**WORK REQUIRED**:
Going through the material below, output exactly the lines from the one containing "今日は,地域の老人クラブの方々と花壇やプランターに花の苗を植えました。" through the one containing "繼1600余位書法家參與書寫", and no pictures.
AVAILABLE DATA: Begin
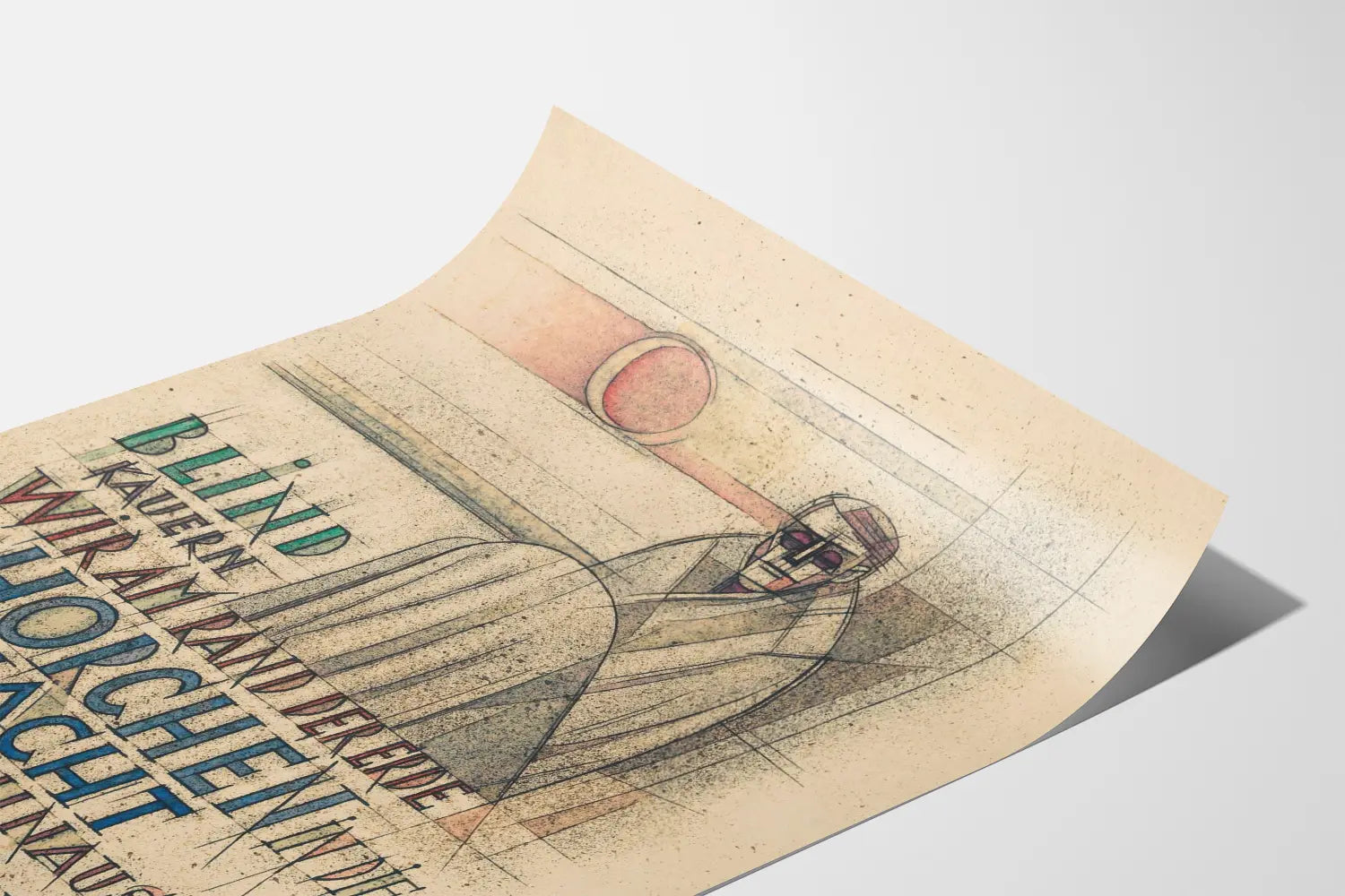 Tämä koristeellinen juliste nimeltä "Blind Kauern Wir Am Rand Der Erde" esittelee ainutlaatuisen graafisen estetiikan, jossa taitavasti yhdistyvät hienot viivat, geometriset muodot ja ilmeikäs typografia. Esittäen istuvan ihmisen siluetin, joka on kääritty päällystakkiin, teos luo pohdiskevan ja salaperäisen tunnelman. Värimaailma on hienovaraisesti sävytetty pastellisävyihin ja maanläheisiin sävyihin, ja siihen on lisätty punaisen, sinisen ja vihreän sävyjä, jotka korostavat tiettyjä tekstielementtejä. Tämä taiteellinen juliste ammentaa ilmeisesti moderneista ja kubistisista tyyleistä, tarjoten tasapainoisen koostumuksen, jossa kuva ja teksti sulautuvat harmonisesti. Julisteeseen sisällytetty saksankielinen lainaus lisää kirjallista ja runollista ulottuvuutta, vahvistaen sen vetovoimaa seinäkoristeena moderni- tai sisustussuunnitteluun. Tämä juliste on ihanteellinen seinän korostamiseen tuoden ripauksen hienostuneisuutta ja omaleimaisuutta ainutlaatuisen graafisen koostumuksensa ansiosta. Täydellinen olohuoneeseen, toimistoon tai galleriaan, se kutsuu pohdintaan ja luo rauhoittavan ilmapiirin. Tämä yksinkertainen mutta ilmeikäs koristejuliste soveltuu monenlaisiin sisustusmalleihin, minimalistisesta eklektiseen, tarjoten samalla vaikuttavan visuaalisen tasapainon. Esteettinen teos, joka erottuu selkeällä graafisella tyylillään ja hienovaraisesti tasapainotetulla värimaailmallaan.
AVAILABLE DATA: End
AVAILABLE DATA: Begin
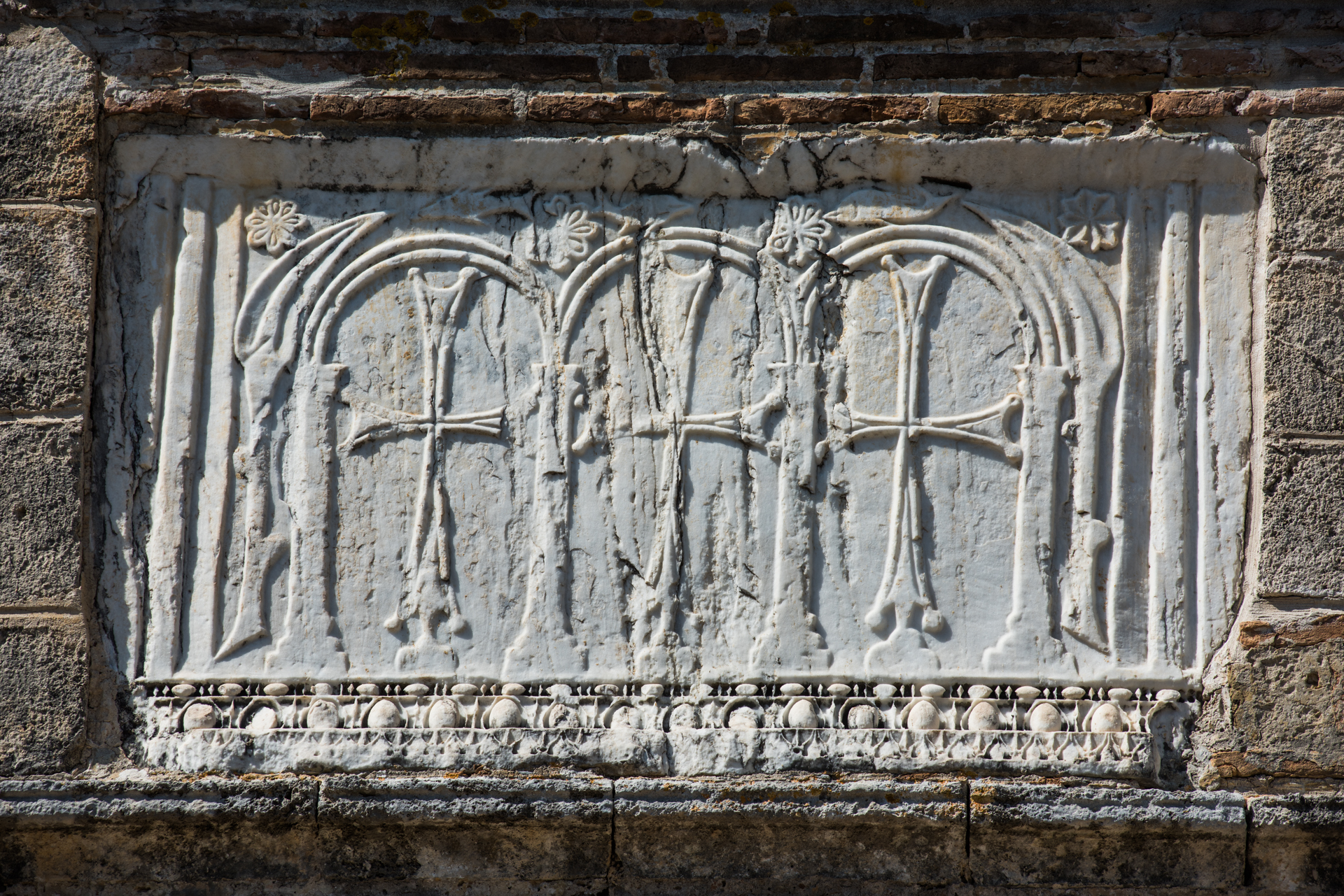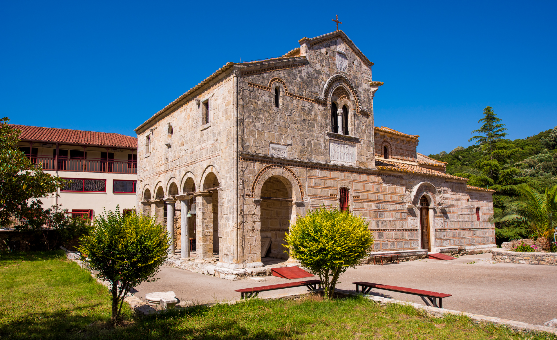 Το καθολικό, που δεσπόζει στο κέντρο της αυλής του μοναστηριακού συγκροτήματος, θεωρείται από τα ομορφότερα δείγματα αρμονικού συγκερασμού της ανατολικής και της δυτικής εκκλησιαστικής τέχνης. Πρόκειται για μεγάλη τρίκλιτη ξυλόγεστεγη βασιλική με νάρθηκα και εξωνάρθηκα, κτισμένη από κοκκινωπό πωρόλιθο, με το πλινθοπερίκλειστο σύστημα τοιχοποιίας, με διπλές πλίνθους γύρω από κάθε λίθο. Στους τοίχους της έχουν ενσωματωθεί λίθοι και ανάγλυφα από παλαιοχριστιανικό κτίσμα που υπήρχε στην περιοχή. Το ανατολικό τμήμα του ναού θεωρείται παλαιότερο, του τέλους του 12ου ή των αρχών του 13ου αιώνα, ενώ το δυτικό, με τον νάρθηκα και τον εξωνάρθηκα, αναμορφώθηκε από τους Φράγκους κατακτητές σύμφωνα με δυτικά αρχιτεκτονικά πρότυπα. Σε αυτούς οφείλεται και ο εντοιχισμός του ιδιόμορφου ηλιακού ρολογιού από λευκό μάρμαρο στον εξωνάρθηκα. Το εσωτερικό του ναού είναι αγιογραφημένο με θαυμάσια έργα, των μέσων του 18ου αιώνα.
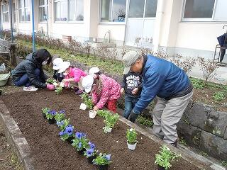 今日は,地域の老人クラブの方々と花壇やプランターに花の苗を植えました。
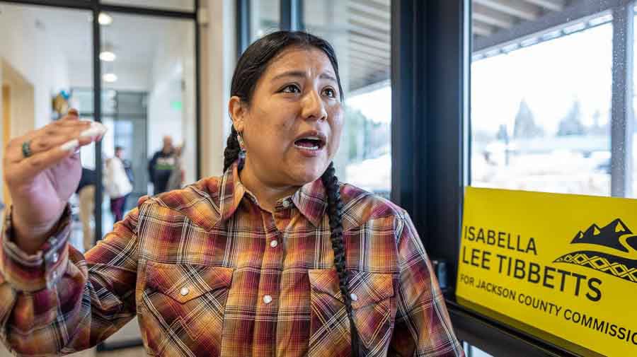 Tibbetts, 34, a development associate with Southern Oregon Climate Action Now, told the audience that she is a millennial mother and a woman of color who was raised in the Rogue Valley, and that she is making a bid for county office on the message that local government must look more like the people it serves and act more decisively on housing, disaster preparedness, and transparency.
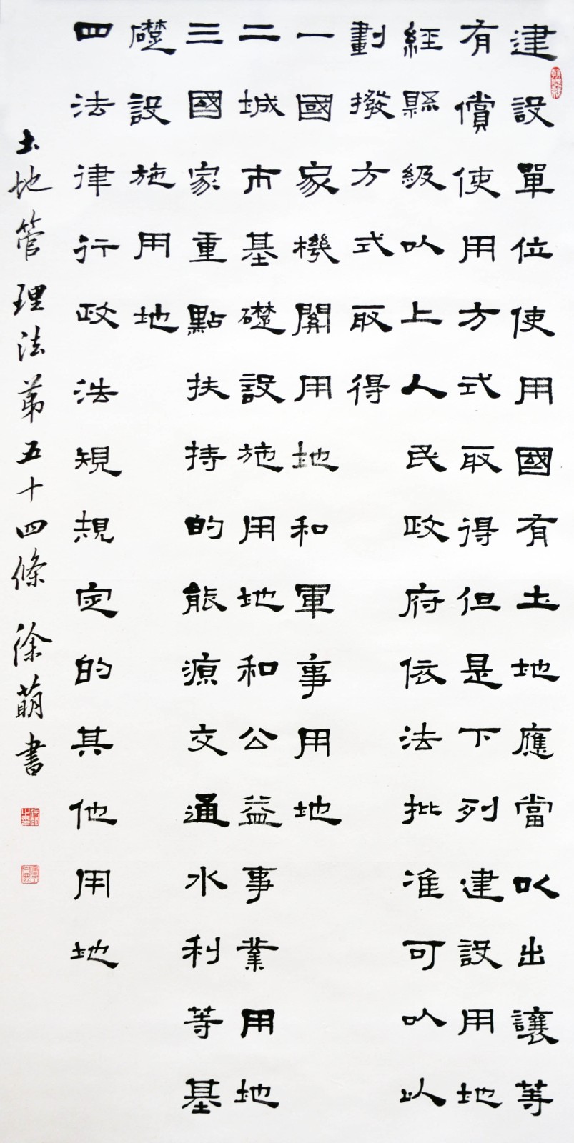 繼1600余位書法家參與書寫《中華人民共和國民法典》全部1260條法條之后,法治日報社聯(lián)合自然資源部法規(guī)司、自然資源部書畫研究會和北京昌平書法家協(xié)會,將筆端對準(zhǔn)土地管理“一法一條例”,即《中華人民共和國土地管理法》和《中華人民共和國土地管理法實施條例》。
AVAILABLE DATA: End
**ANSWER SECTION**:
 今日は,地域の老人クラブの方々と花壇やプランターに花の苗を植えました。
 Tibbetts, 34, a development associate with Southern Oregon Climate Action Now, told the audience that she is a millennial mother and a woman of color who was raised in the Rogue Valley, and that she is making a bid for county office on the message that local government must look more like the people it serves and act more decisively on housing, disaster preparedness, and transparency.
 繼1600余位書法家參與書寫《中華人民共和國民法典》全部1260條法條之后,法治日報社聯(lián)合自然資源部法規(guī)司、自然資源部書畫研究會和北京昌平書法家協(xié)會,將筆端對準(zhǔn)土地管理“一法一條例”,即《中華人民共和國土地管理法》和《中華人民共和國土地管理法實施條例》。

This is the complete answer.